Den hier beschriebenen Kuchen verdanken wir unserer Freundin Marlies, die Wurzeln in Schlesien oder irgendwo dort hat. Jedenfalls kam dieser Kuchen nach dem Zweiten Weltkrieg auf familiärem Weg in die Schweiz. Er heisst auch Beerdigungskuchen, vielleicht, weil der Mohn so schön schwarz ist. Und weil man problemlos grosse Mengen davon backen kann. Beerdigungen ziehen ja traditionell viel hungriges Volk an. In anderen Teilen Deutschlands nennt man Mohnkuchen wenig überraschend auch Hochzeitskuchen. Hochzeiten und Beerdigungen richten sich im Wesentlichen an dieselbe Klientel.
Ich gebe zu, ich habe ihn nicht selber gebacken, sondern stand diesmal Pate. Backen ist weniger meins. Das Rezept, so wie es sich hier darstellt, leicht abgewandelt vom Original, stammt von unserem Hausfreund Gian Carlo, der derzeit auf Wohnungssuche ist (falls Sie gerade von einer freien Wohnung wüssten). Bis er auszieht, kocht und backt er fleissig, was an sich ganz angenehm ist. Vielleicht fühlt sich Gian Carlo derzeit etwas wie die schlesischen Vorfahren von Marlies, die nach dem Krieg aus ihrer Heimat fliehen mussten und ausser Rezepten nicht viel im Gepäck hatten.

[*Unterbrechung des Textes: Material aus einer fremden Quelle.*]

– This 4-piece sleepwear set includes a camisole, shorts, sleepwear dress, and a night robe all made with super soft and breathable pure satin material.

Eine Anmerkung zum Mohn: In den meisten Rezepten wird nach gemahlenem Mohn verlangt. Das ist hierzulande wohl eine Prozedur, nach der man gesondert verlangen muss. Ich persönlich mag das Gefühl, den Mohn mit meinen eigenen Zähnen zu mahlen. Ähnlich sehen das auch diverse Rezeptautorinnen, es wird also nicht überall auf vorgängigem Mahlen bestanden.
Schlesischer Mohnkuchen mit Streuseln
Zutaten für den Teig: 200 ml Milch, 1 Hefewürfel, 500 g Mehl, 2 Eier, 100 g Zucker, 100 g Butter
Für die Mohnmasse: 500 g Mohn (ganz oder gemahlen), 250 g Butter, ca. 250 g Zucker, 2 EL Griess, 2–3 EL Honig, 100 g oder etwas mehr gehackte Mandeln, eine Handvoll oder überhaupt keine Rosinen, 2 Eier
Für die Streusel: 60 g Zucker, 1 Päckli Vanillezucker, 200 g Mehl, 0,5 TL Zimt, 125 g Butter
Die Milch für den Teig leicht erwärmen, den Hefewürfel darin auflösen.

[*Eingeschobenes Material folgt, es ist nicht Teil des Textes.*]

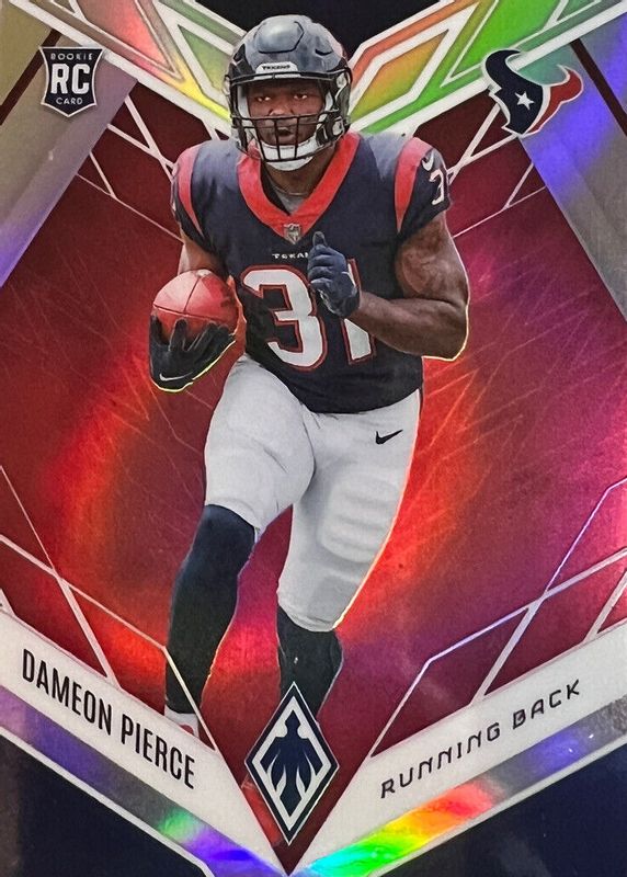 This card is 1 of 28 Dameon Pierce's card variations in the 2022 Phoenix set being tracked by Sports Card Investor, including Base, Color Burst, Onyx (/5), Red Mojo (/10), and Silver.

Das halbe Kilo Mehl, die beiden Eier, den Zucker und die im Pfännchen flüssig gemachte Butter zusammen mit der Milch zu einem Teig verarbeiten. An einem warmen Ort zugedeckt eine Stunde aufgehen lassen.
Derweil die Mohnmasse vorbereiten: den gemahlenen oder nicht gemahlenen Mohn, die flüssig gemachte Butter, den Zucker (mit etwas weniger anfangen, später abschmecken), Griess, Honig, Mandeln, die verwendeten oder weggelassenen Rosinen im Wasserbad kochend unter Rühren eins werden lassen.
Die heisse Masse etwas auskühlen lassen, dann beide Eier einrühren.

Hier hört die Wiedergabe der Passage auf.